«Кто она такая?» — спросила Люда.
Ей хотелось встать и сказать: посмотри на меня. Разве я так уж плоха?
«Чепуха, — сказал он вяло. — Нет у меня никого, что ты привязалась…»
«Ты думаешь, я на тебя обижена из-за того, что иногда…».
«Иногда».
«Ты думаешь, я из-за этого».
«Кто тебя знает, — сказал Лёва. — А как насчёт старичка?»
«Дурак. Ты что, действительно поверил, что у меня с ним… — Ей стало легче, всё-таки это было какое-то подобие ревности. — По крайней мере, — проговорила она, невольно прислушиваясь к тому, что, по-видимому, приближалось на самом деле, — он уважает во мне женщину. Никогда не позволяет себе грубостей. А ты…»
Она добавила:
«Думаешь, это для меня главное?»
«Что же для тебя главное?» — спросил Бабков, которому было скучно.
«Для меня… — сказала Люда, надевая через голову рубашку, занавесив лицо и запутавшись в рубашке, и думая о том, что он видит её, но как бы без её ведома, — для меня главное… — она просунула, наконец, голову в вырез, тряхнула волной волос и опустила рубашку на живот и бёдра, — чтобы это было не просто так, сделал, что положено, и прочь».
Вечно одно и то же, думал он.
«Конечно, когда бывает вместе, это большое счастье».
«Помолчи».
Он смотрел в окно.
«Но ты меня никогда не хочешь выслушать…»
Другими словами, не желаешь взглянуть. Если бы он хоть раз как следует меня разглядел, думала Люда.
«Снова едут», — сказал Бабков, прислушиваясь к медленно нарастающему дрожанию стёкол. «Кто, кто едет?» — спросила она. Её охватило негодование. Какое значение имело всё это по сравнению с тем, что происходит здесь, в её комнате!

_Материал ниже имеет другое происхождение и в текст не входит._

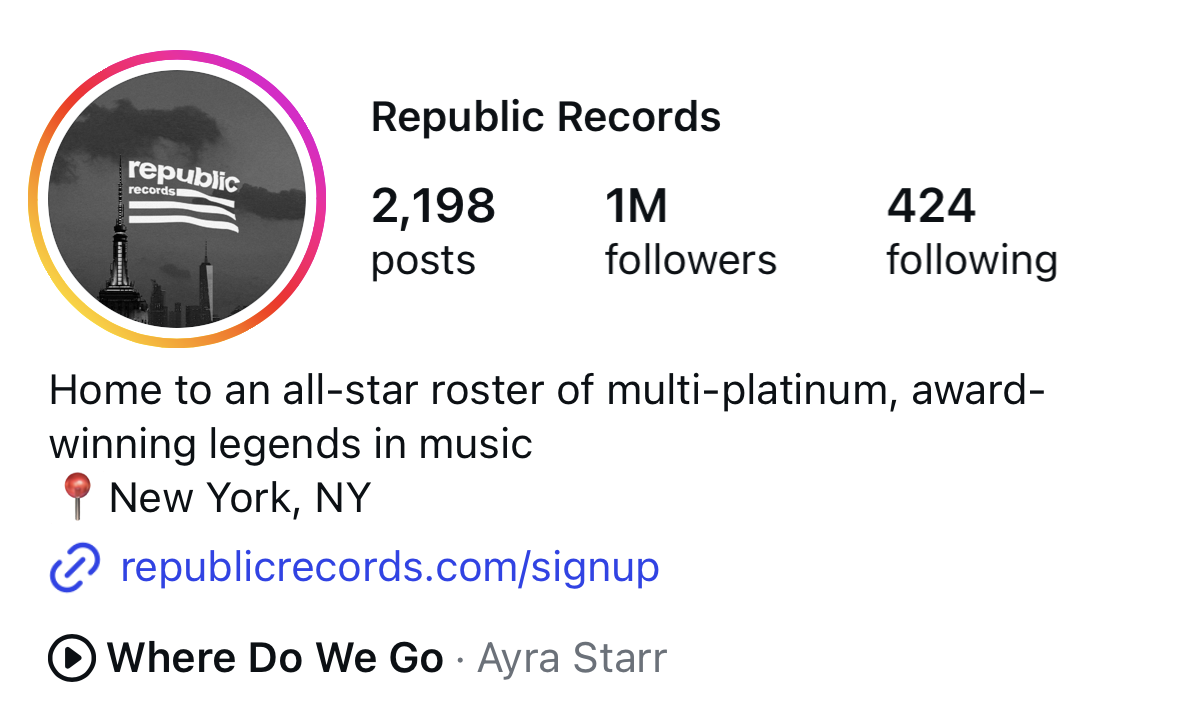 Problem: Position Republic Records as one of the first major record labels to surpass 1 million Instagram followers, elevating the brand into a defining leader in digital influence, cultural relevance, and audience engagement.

На что она жаловалась? Скоро, очень скоро, может быть, уже в следующем году ей должно было исполниться тридцать. Ей можно было дать двадцать. Формально её опыт общения с мужчинами насчитывал полтора десятка лет или даже чуть больше. Правда, следует уточнить, что в данном случае подразумевалось под опытом. В тринадцать лет она постигла отраву и сладость первого поцелуя. Возможно, это событие было самым важным в её жизни, она помнила его до малейших подробностей. Повторение уже не было таким упоительным. Может показаться странным, что попытка дальнейшего сближения, вероятно, уже с другим мальчиком, неизвестно откуда взявшимся, где-то во дворе, точнее, на грязных задворках, вовсе не была событием. Она даже не помнила, как его звали. Помнила только, что это была какая-то бесплодная возня; любопытство, которое неодолимо влекло её, парализовало её волю, сделало её зрительницей своего падения, отчего и падения никакого не произошло; любопытство так и не было удовлетворено, и позже, когда она догадалась о чувствах отчима, она была скорее разочарована его нерешительностью, не подозревая о том, что слишком преданная любовь может оказаться преградой для чувственности.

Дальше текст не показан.